[Python-Dev] O(1) deletes from the front of bytearray (was: Re: Adding bytes.frombuffer() constructor to PEP 467 (was: [Python-ideas] Adding bytes.frombuffer() constructor)

Wed Oct 12 04:01:43 EDT 2016

On Wed, Oct 12, 2016 at 12:17 AM, Serhiy Storchaka <storchaka at gmail.com> wrote:
> On 12.10.16 09:31, Nathaniel Smith wrote:
>>
>> But amortized O(1) deletes from the front of bytearray are totally
>> different, and more like amortized O(1) appends to list: there are
>> important use cases[1] that simply cannot be implemented without some
>> feature like this, and putting the implementation inside bytearray is
>> straightforward, deterministic, and more efficiently than hacking
>> together something on top.
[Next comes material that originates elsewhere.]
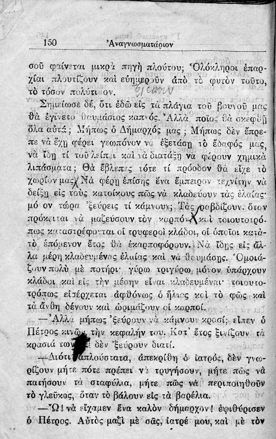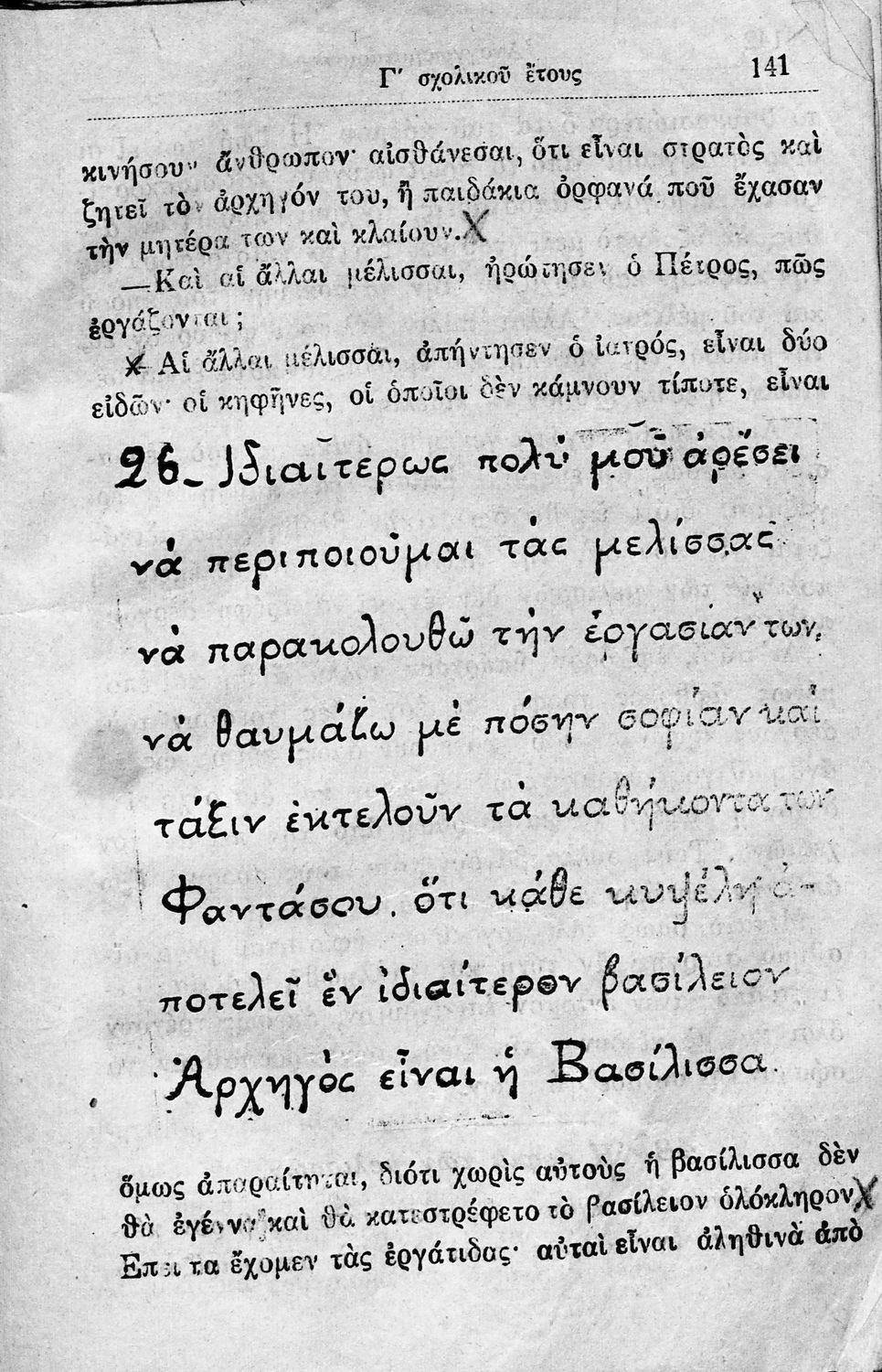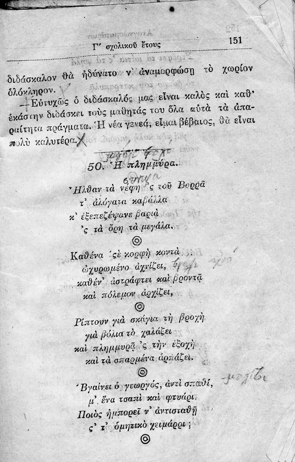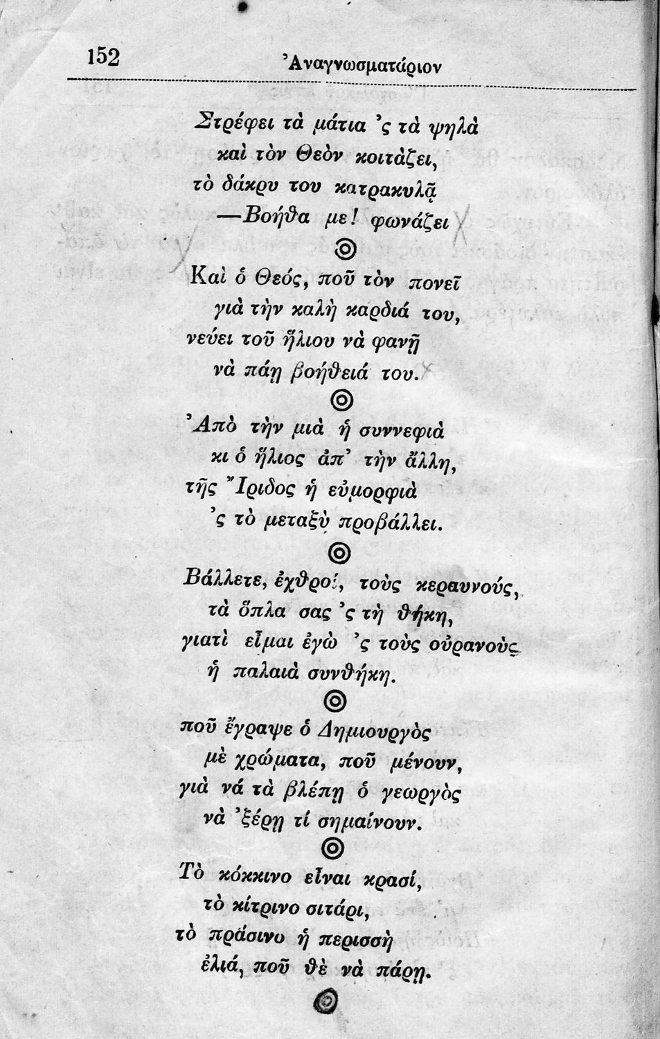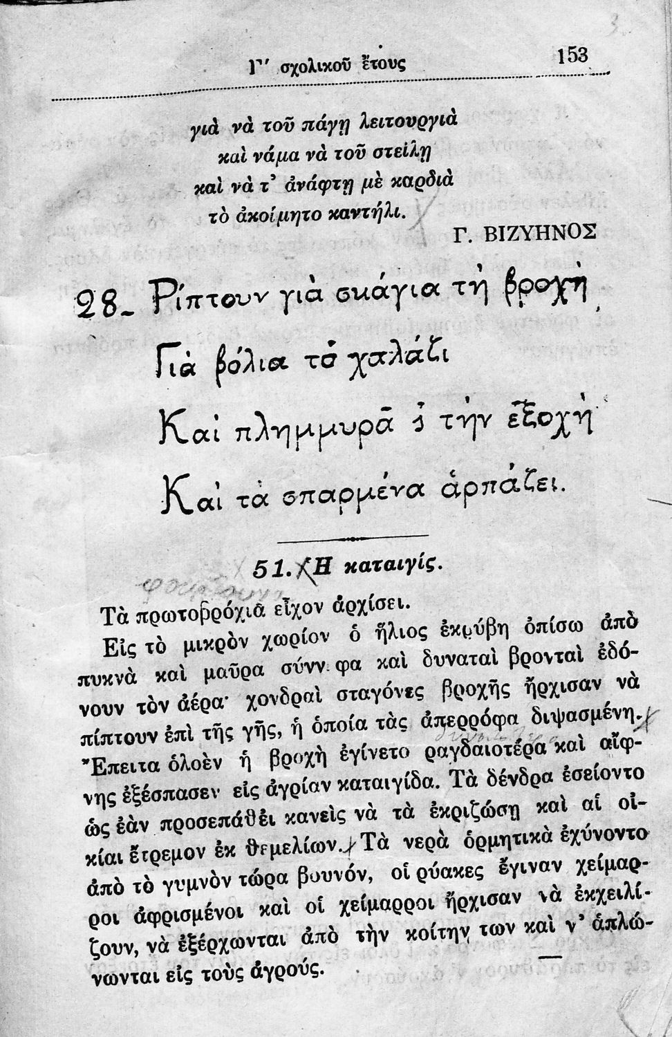 Σχολικό εγχειρίδιο Γλώσσας για την Γ΄ Δημοτικού. Περιλαμβάνει κείμενα σχετικά με την αγροτική ζωή και τη φύση. Εγκρίθηκε στον Πανταζοπούλειο διαγωνισμό που προκηρύχτηκε στις 24-7-1913 για να συνταχτεί αναγνωσματάριο για τα Α΄, Β΄, Γ΄, Δ΄ έτη της Δημοτικής Εκπαιδεύσεως.

Python should just guarantee it, IMO.
>>
>> -n
>>
>> [1] My use case is parsing HTTP out of a receive buffer. If deleting
>> the first k bytes of an N byte buffer is O(N), then not only does
>> parsing becomes O(N^2) in the worst case, but it's the sort of O(N^2)
>> that random untrusted network clients can trigger at will to DoS your
>> server.
>
>
> Deleting from buffer can be avoided if pass the starting index together with
> the buffer. For example:
>
>     def read_line(buf: bytes, start: int) -> (bytes, int):
>         try:
>             end = buf.index(b'\r\n', start)
>         except ValueError:
>             return b'', start
>
>         return buf[start:end], end+2

It's more complicated than that -- the right algorithm is the one that
Antoine implemented in 3.4. But yes, having implemented this by hand,
I am aware that it can be implemented by hand :-). My point is that
forcing everyone who writes network code in Python to do that is
silly, especially given that CPython's apparently been shipping this
feature for years.

-n

-- 
Nathaniel J. Smith -- https://vorpus.org